Samson Vaotuua, Kaihanga Kiriata me te Ringatohu

Samson Vaotuua, Filmmaker and Director video (04:40 mins)

Samson's story is featured in Rising Stars, which celebrates Pacific people in different education to employment pathways.

Learn more about Samson's pathway to becoming a Filmmaker and Director.

Video transcript

[Music playing]

[Aerial shot of Manukau City]

I don't think people like kids of our days will understand what it was like to get treated to go to the video store. 

And I remember early on, like, knowing that I had my relationship with my grandfather watching old spaghetti westerns. 

But I knew from the beginning that I was just a real obsessed child with movies, and there was just one TV show on Triangle TV at that time in the early 90s by David Hartnel, and he had like ‘behind the scenes’ footage of films. 

[Samson is talking in a film studio]

That was rare. There was no internet at the time, I think, it was late 90s, and he would showcase, interview actors and show, like, the stunt work behind all of this, this, you know, the films that I watched. And I was like, fascinated. I was like, holy crap, dude, you do this for a living. 
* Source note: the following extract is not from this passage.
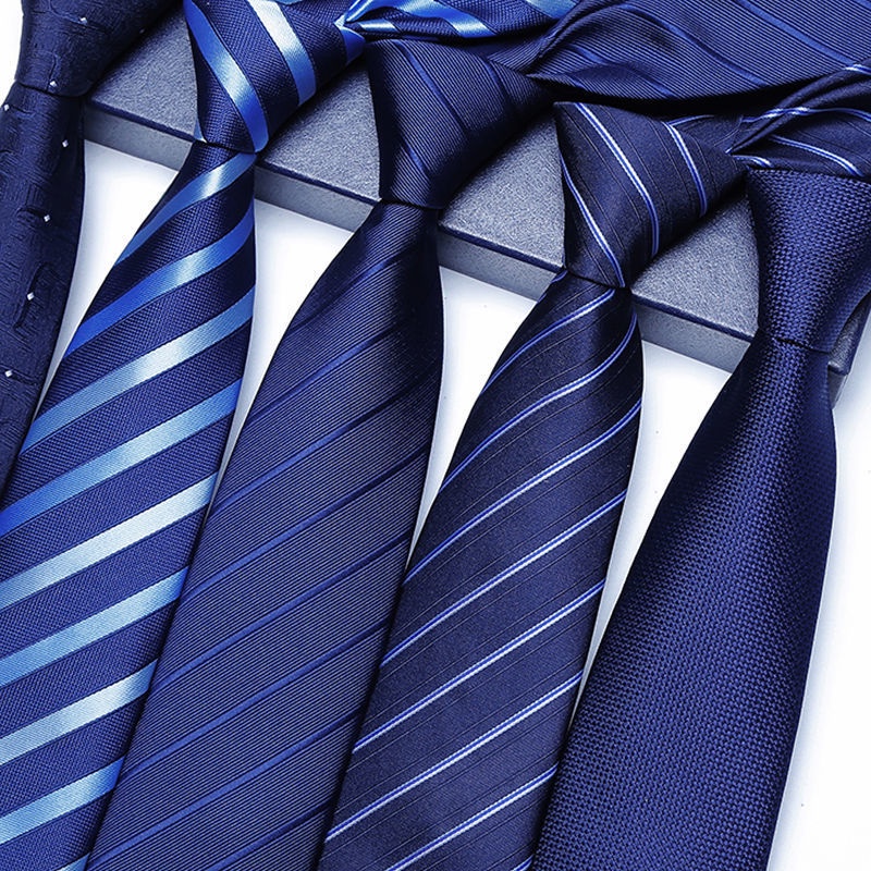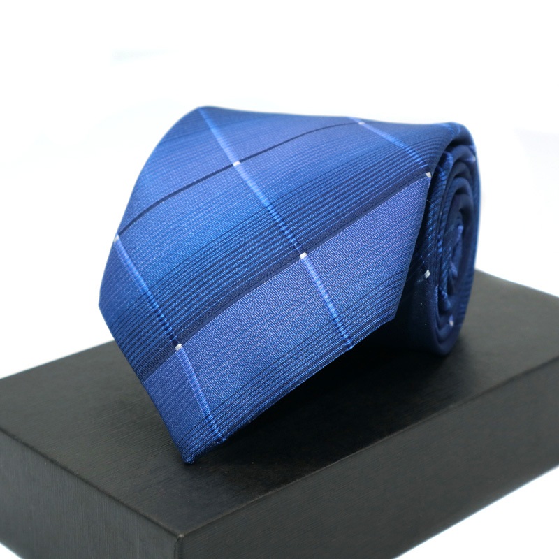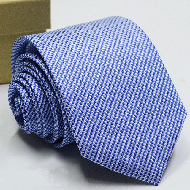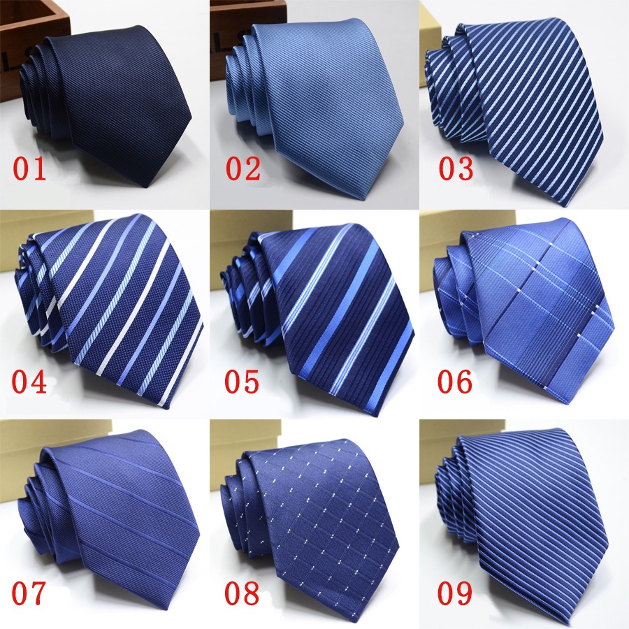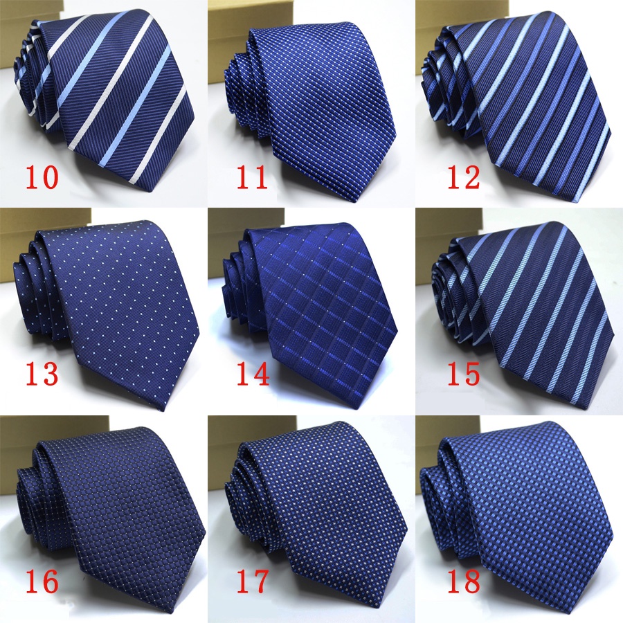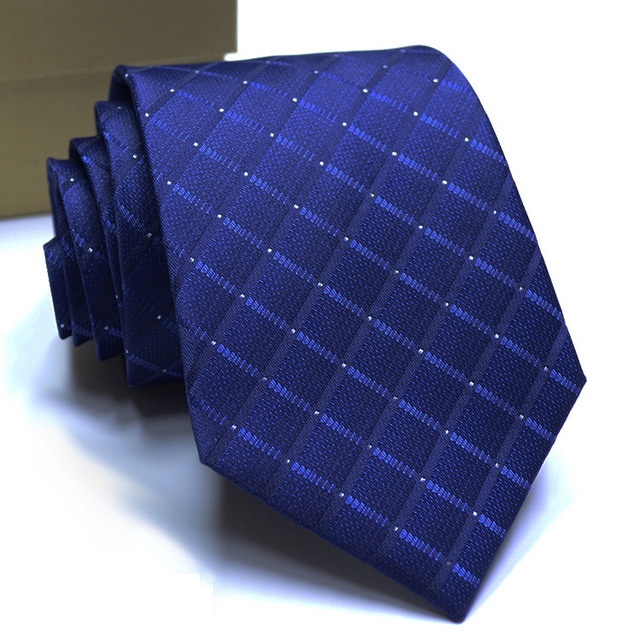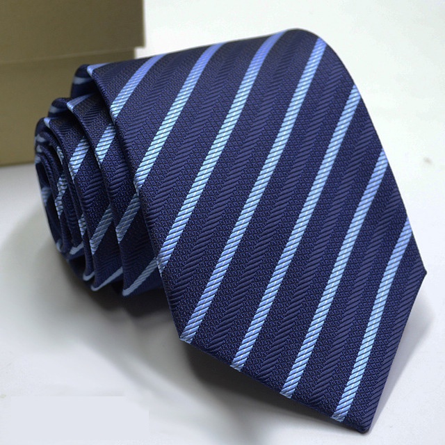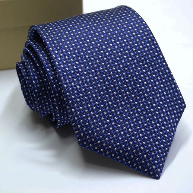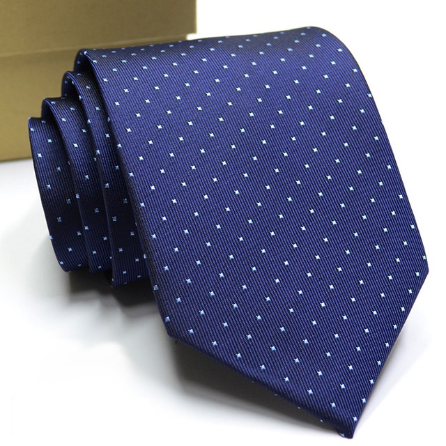 Gravata Masculina Clássica 8CM Azul Gravatas Jacquard Tecido Listras Bolinhas Pescoço Para Festa De Casamento Negócios
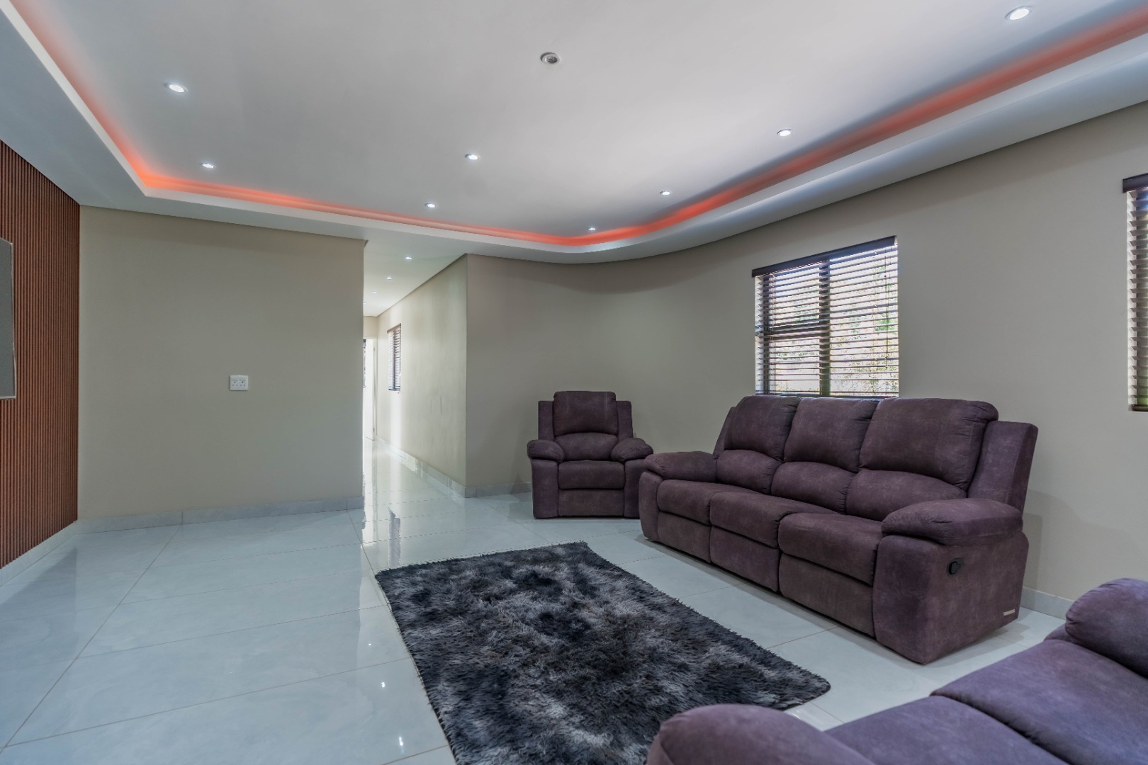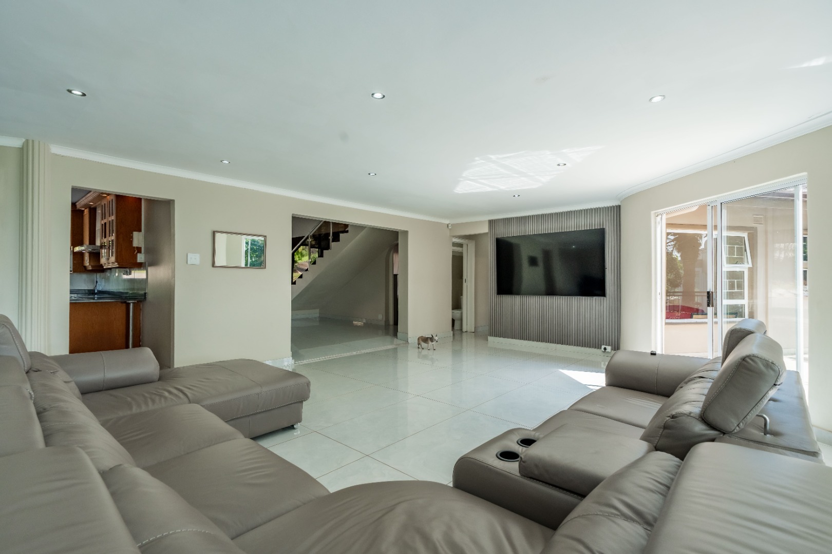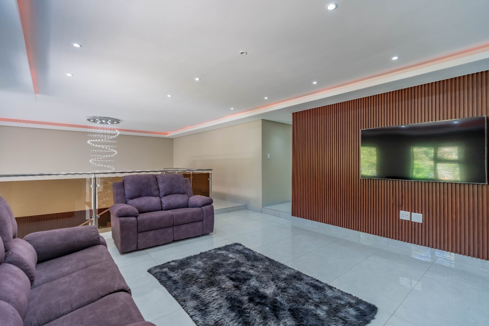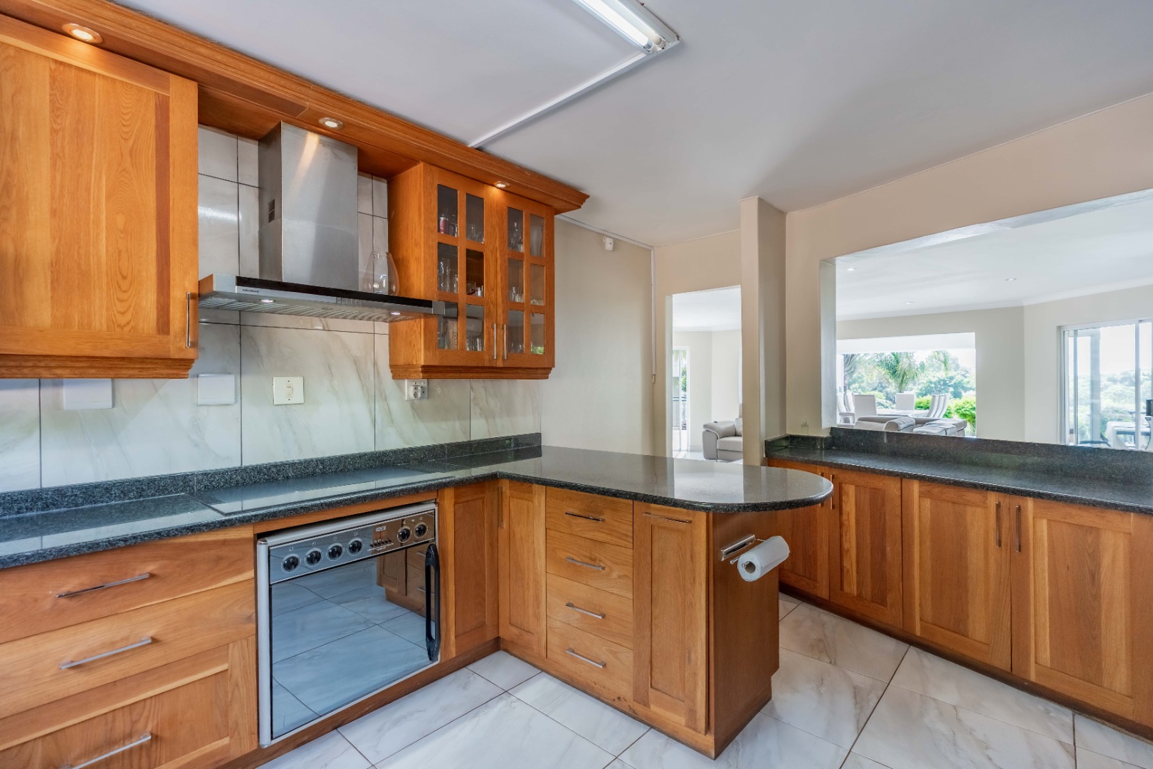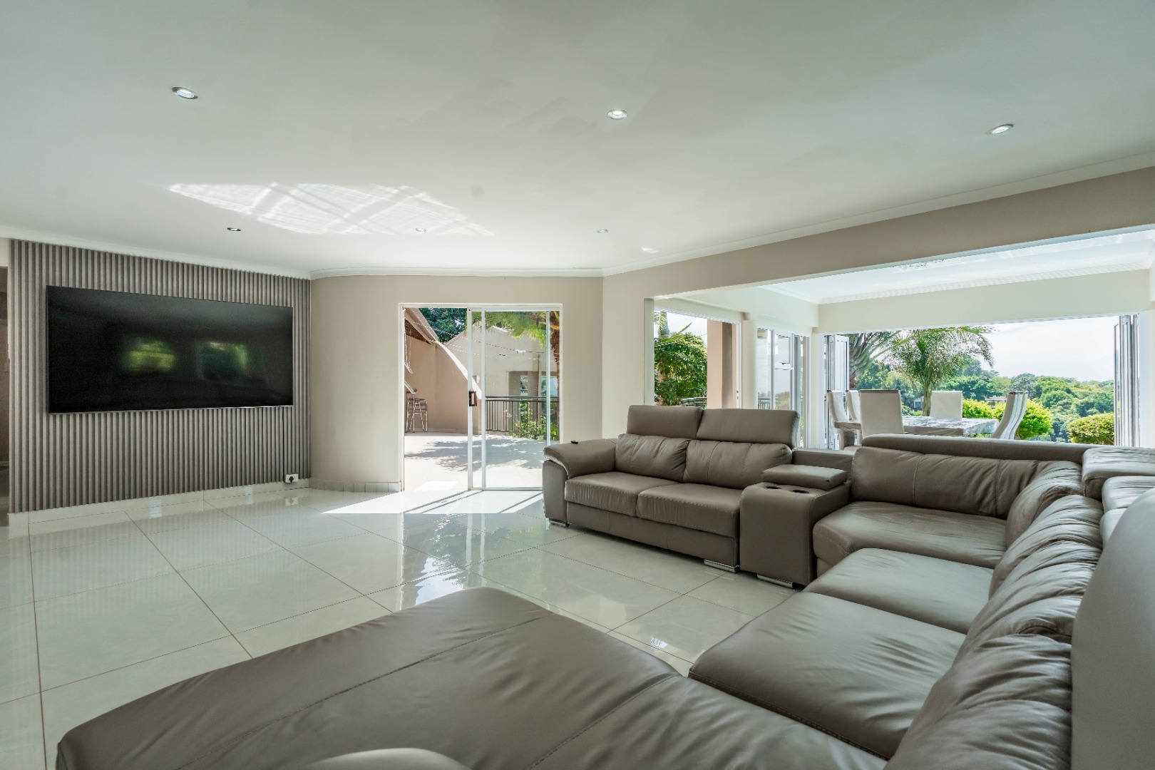 As you enter the home, you are welcomed by a stunning chandelier and impressive double-volume ceilings, creating a grand first impression. The main lounge and dining area flow seamlessly out onto a beautiful rim-flow pool, overlooking the lush garden and offering stunning nature views. The property also features a fantastic entertainment area, perfect for hosting family and friends.

I was like, I wanted to do that. I love the aspect of combining all the elements of the creative toolkit that I have. I love dance, music, I love, you know, writing even though I hate it. I love filmmaking and working with people. That's like an infinity gauntlet for me to create my own reality. 

And it's like I say, we're the OG storytellers, like indigenous people. And you know, as Pacific Islanders, we just know how to light up a room. 

It's like within us. It's in everything we do, we’re the type of people that, you know, we can turn a funeral into a Zumba class like to celebrate life and we, we do that. 

We all have something within us I think that's natural for our people. I believe that's why our people are like, we have a lot to contribute to this world. 

We are special.  

You have to be obsessed. You have to love it because you're gonna hate it, like in any in any field you at any career path you go through, you're gonna have a love and hate relationship with it because it's real hard. 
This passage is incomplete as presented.